Es gab immer mal Phasen in denen ich intensiv  und auch sehr sehr wenig gespielt habe, aber weggekommen bin ich nicht vom zocken und ich mach mir da auch keine Hoffnungen mehr.

Dauerhaft installiert sind Skyrim, Diablo3, Saints Row 3 und 4, GTA 4 (und hoffentlich bald 5), sowie fast alle C&C Teile. 

Nur eins hab ich geschafft,  von WoW  loszukommen.


----------



## EcHiRaK (31. Dezember 2014)

Also mir geht es ganz oft genau wie dir. Ich bin 23 und Krankenpfleger. Manchmal verbringe ich pro Tag bis zu 12/13 Stunden auf der Arbeit. Dann habe ich nur jedes zweite Wochenende im Monat frei (sprich insgesamt 4 Tage), meistens geht es dann immer 12 Tage arbeiten, 2 Tage frei etc. Mir fehlt sehr oft die Lust, mich nach der Arbeit vor den PC zu setzen und anzufangen zu zocken. Die paar freien Tage im Monat, möchte ich dann natürlich auch nicht vor dem PC verbringen, denn meistens gibt es dann so viele Dinge zu erledigen, das Land unter ist. Ich kann dich also mehr als nur gut verstehen.


----------



## Nightslaver (31. Dezember 2014)

Ich denke wirklich aus dem Alter "raus" sein zu spielen kann man eigentlich nicht. Wenn man irgendwann keine Lust mehr hat kann das sehr verschiedene Ursachen haben, angefangen damit das sich der eigene Lebensschwerpunkt verlagert hat _(Beziehung, Arbeit, Freunde)_ bis dahin gehend das man einfach irgendwann das Gefühl entwickelt alles schon einmal gesehen zu haben und die Spiele es einfach nicht mehr schafen den persöhnlichen Ehrgeiz zu wecken wirklich Zeit in sie investieren zu wollen. _(Im Prinzip wie beim Fernsehn, wer schaut denn wirklich Fernsehn weil er sich abgötisch auf einen Film freut, bzw wie oft kommt das vor? Meist schlägt man doch auch damit nur die Zeit tot und hat eigentlich gar keine gesteigerte Lust darauf etwas zu sehen weil man 3/4 der Filme und Serien doch schon kennt.)_

Bei mir persöhnlich sieht es so aus, bin 27 und berufstätig, allerdings nicht in einer festen Beziehung. Zeit zum zocken habe ich eigentlich mehr als ausreichend, trotz Beruf. Trotzdem schlage ich, wenn ich am PC sitze auch nur die meiste Zeit die Zeit tot und spiele wenig, schreibe wie hier im Forum, lese auf diversen Seiten News aus der Branche, ect.
Wirkliche Lust zum spielen habe ich meistens nicht und wenn dann mal eine halbe Stunde, oder Stunde, etwas in die Richtung von "War Thunder: Ground Forces", oder eine ruhige Runde einen alten Klassiker wie "Fallout 2", oder auch mal "Dungeon Keeper 1".

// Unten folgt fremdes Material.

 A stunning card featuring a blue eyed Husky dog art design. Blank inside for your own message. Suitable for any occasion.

Ab und zu jedoch kommt es dann doch noch vor das mich ein neu erscheinendes Spiel schaft zu fesseln und ich dann mal wieder für 1 bis X Wochen intensiv spiele. Zuletzt bei mir in "Deus Ex: Human Revolution", "The Witcher 2" und "Divinity: Original Sin" der Fall gewesen. Da habe ich dann mal wieder wirklich viel gespielt und Sie auch hinter einander weg durchgespielt.
Nach einer gewissen Zeit ist dann aber auch wieder gut und es läuft wieder darauf hinaus das man eigentlich nicht viel Lust darauf hat zu spielen, bis zum nästen Titel einige Monate, oder 1 Jahr später.

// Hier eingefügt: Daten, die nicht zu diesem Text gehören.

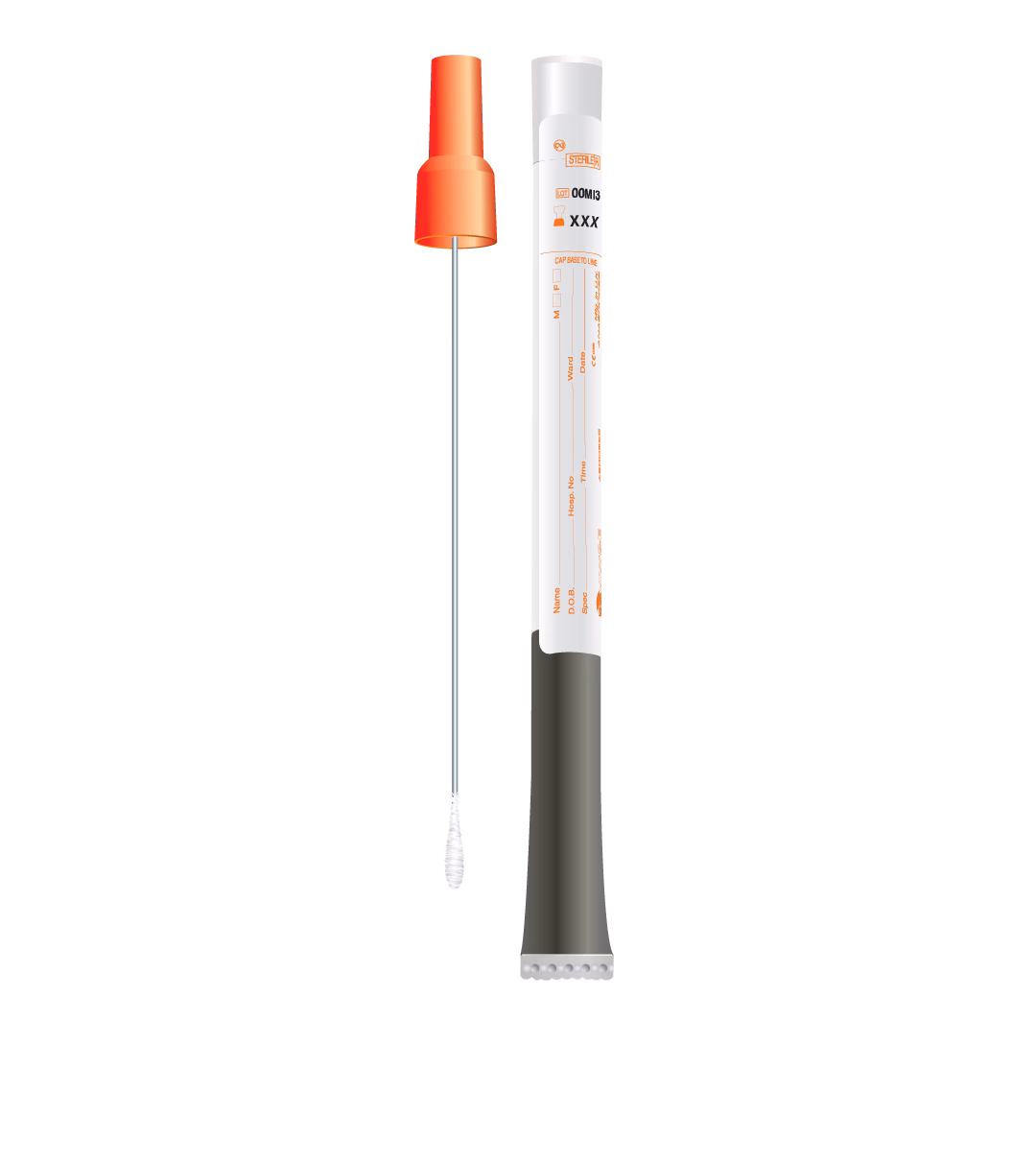 MW172C TRANSWAB® - Urethral / ENT Aluminum Wire Swab - Labelled Tube - Amies Charcoal Gel Medium Orange 15cm 125 24

Ich denke damit muss man sich auch einfach abfinden, beim einen setzt diese Abstinenz was früher ein, bei anderen später, wieder andere haben auch nach 20 Jahren zocken noch an jedem Titel soviel Freude wie zu Beginn ihrer Laufbahn als Gamer.
Die meisten jedoch, denke ich, werden früher oder später an den Punkt kommen das dass reine spielen an und für sich nicht mehr so befriedigend ist wie noch als Schüler, oder junger Erwachsener. 

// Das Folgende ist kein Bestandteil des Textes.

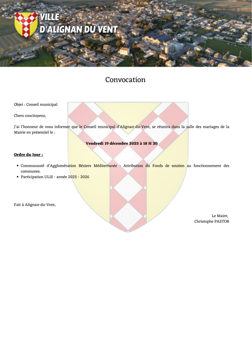 Conseil municipal le vendredi 19 décembre 2025 18h30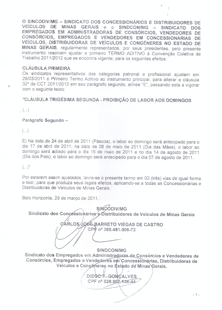 Primeiro Termo Aditivo à C.C.T. 2011/2012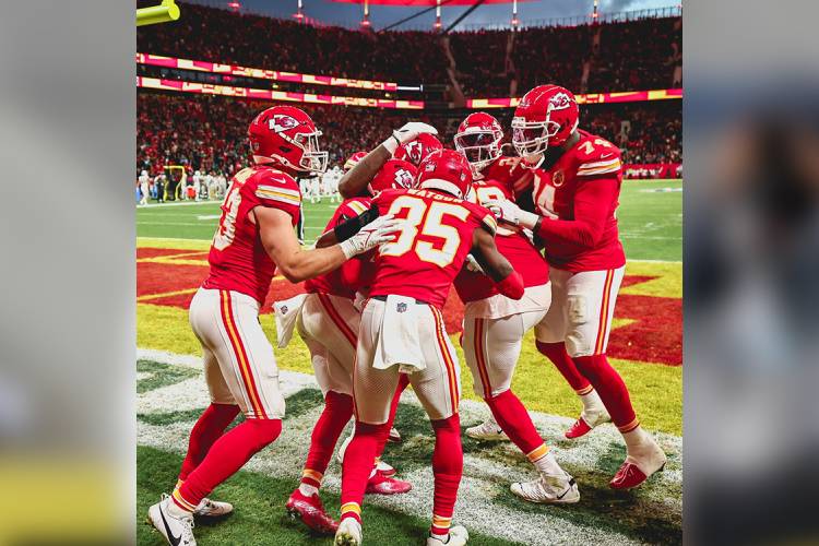 Patrick Mahomes, quarterback de los campeones Kansas City Chiefs, conectó este domingo dos envíos de anotación en el triunfo de su equipo 21-14 sobre los Miami Dolphins en partido de la Semana 9 de la Temporada 2023 de la NFL disputado en el Deutsche Bank Park de Frankfurt, Alemania.

Wie eingangs erwähnt, irgenwann hat man einfach das meiste an Inhalt in den Spielen gesehen und wird der Inhalt sich immer ehnlicher.
Wobei bei dieser Entwicklung wohl auch die großen Publisher ihren Beitrag leisten die Spiele inhaltlich und von der Spielmechanik her immer mehr an einander angleichen. (Ubisoft zum Beispiel, wo sich Far Cry, Assassins Creed und Watch Dogs alle recht ehnlich spielen und nur vom Setting her etwas deutlicher unterscheiden)

Trotz allem bin ich mir zimlich sicher das ich auch in 20 Jahren immer noch Gamer sein werde und es mindestens 1 Spiel pro Jahr geben wird, das es schaft mich wenigstens für ein paar Wochen vor den Monitor zu bannen, auch wenn ich Computerspiele wohl nie wieder so intensiv, von der Zeit her, und mit so einer Begeisterung spielen werden wie zu meinen Anfängen als Kind und Jugendlicher.


----------



## Amon (8. Januar 2015)

Also ich bin 40 und kann immer noch stundenlang zocken wenn ich Bock drauf habe, also am Alter wird es definitiv nicht liegen.  Aber natürlich gewichte ich jetzt anders, Freunde, Familie, Arbeit usw. haben ganz klar Priorität.


----------



## Seabound (8. Januar 2015)

Also ich bin 38 und schlag mich immer noch jeden Abend nach der Arbeit zwei bis drei Stunden bei LOL mit irgenwelchen Assikids rum.  Das muss aufhören! 

Zur Zeit langweile ich mich grad durch XCOM - Enemy Unknown durch, da ich aufgrund eines Umzugs kein Internet habe. 

Was mir weniger Spaß macht, sind Onlineshooter. Da merk ich einfach so langsam, dass ich mit den ganzen Kids nicht mehr mithalten kann. Die Reflexe halt. Und Kanonenfutter mag ich nicht spielen. Deswegen hab ich mir BF4 auch nicht mehr gekauft. Obwohl ich Bad Company und BF3 echt gerne und ausführlich gezockt hab. Titanfall hab ich auch links liegen lassen, nach der Demophase. 

Meine Frau ist gerade schwanger. Mal kucken, wie das mit dem Zocken wird, wenn die Kleine da ist. Aber abends ein Bierchen und ne Runde LOL wird sich wohl nie ändern. Es sei denn, es kommt ein anderes gutes MOBA raus. 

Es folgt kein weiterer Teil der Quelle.